# Change colour of a brush in photoshop



## Go The Power

Hi,
I was wondering how to change the colour of a brush in photoshop?


----------



## nickster_uk

Just choose the brush tool and then click the colour picker...you can then 'browse' to your colour preference or copy n paste the number code in the box next to the # symbol. Is that what you mean?


----------



## nickster_uk




----------



## Go The Power

Yes that is what I was after thanks. :4-cheers:
I was clicking on the wrong brush tool :grin:


----------



## koala

1. This button in the left toolbar allows you to switch between foreground and background colour. The red square in this example shows that red is the foreground colour and white is the background. Click the arrow to switch between these 2. Click the small black and white overlapping squares to revert to default black foreground and white background.

2. Use the Swatches menu to select a colour. This will appear in the toolbar on the left as the foreground colour, to be used by whichever tool is selected.

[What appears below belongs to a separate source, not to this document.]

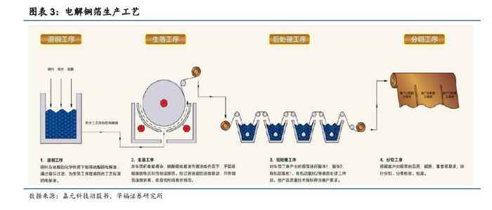 电解铜箔生产主要有溶铜、生箔、后处理、分切四大工序。溶铜工序是将电解液 制备,在特种造液槽罐内,用硫酸、去离子水将铜料制成硫酸铜溶液,为生箔工序提 供符合工艺标准的电解液;生箔工序是在生箔机电解槽中,硫酸铜电解液在直流电的 作用下,铜离子获得电子于阴极辊表面电沉积而制成原箔,经过阴极辊的连续转动、 酸洗、水洗、烘干、剥离等工序,并将铜箔连续剥离、收卷而形成卷状原箔;后处理 工序是对原箔进行酸洗、有机防氧化等表面处理工序后,使产品质量技术指标符合客 户要求;分切工序是根据客户对于铜箔的品质、幅宽、重量等要求,对铜箔进行分切、 检验、包装。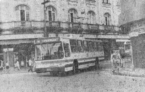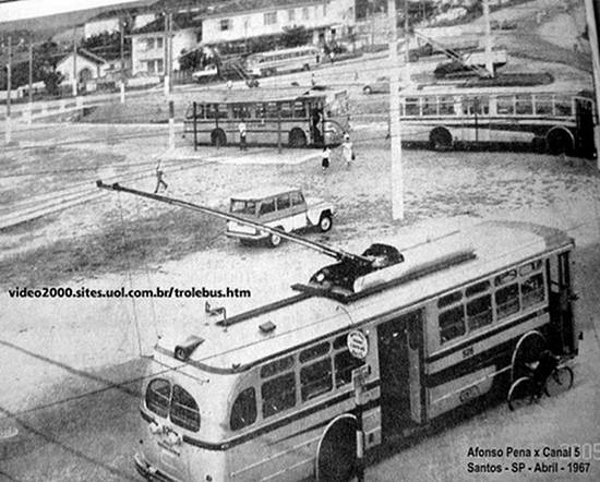 Canal 5, vê-se em primeiro plano o trólebus da linha 45 (Avenidas Conselheiro Nébias e Afonso Pena). Os outros dois estão alinhados no ponto final

3. Or you can create colours using the Color sliders. The warning ! sign lets you know if the colour created is within the web-colours range.


EDIT: 3 replies in the time it took me to copy/paste my screenshot and type my reply :laugh:


----------



## Go The Power

Thank you Koala I was wondering what that did. :4-cheers:

Edit: lol, Your information and Nicks was both very helpful.


----------



## nickster_uk

Hehe you're welcome Alex..i'm still getting to grips with Photoshop myself.


----------



## ebackhus

In Soviet Russia, Photoshop grips YOU!

If you can find ANY training on Photoshop I strongly recommend you get it. Before I took classes on it I was afraid to do anything but convert BMP to JPG with it. Now it's a regular member of my army.


----------



## Go The Power

Ok thanks EB I was thinking about it .Maybe there should also be a Photoshop/ Graphic design academy at TSF! :grin:


----------



## ebackhus

There was but V-Six and I suspended classes so we could reorganize it a bit more. Keep your eyes open in the future and it should be back!


----------



## Go The Power

Cool, I will be watching out for that.


----------



## nickster_uk

Ditto :smile:


----------



## KoosHopeloos

I'll keep my eyes open as well!


----------



## Go The Power

Would you be able to estimate when it would be open again?


----------



## ebackhus

Honestly I can't say right now. There are a few things going on with who is now in charge of Design.


----------



## Go The Power

Ok thanks


----------



## ebackhus

I'm very pleased to see the high interest in having the design school. I really wish I could give the green light but that's not in my power to do so. I'll bring it back up in what in my demented mind is called "The Senate" (more accurately, the management area. I'm weird...) and see if I can get some yummy design school up and running.


----------



## Go The Power

Good luck, I hope to see it up.


----------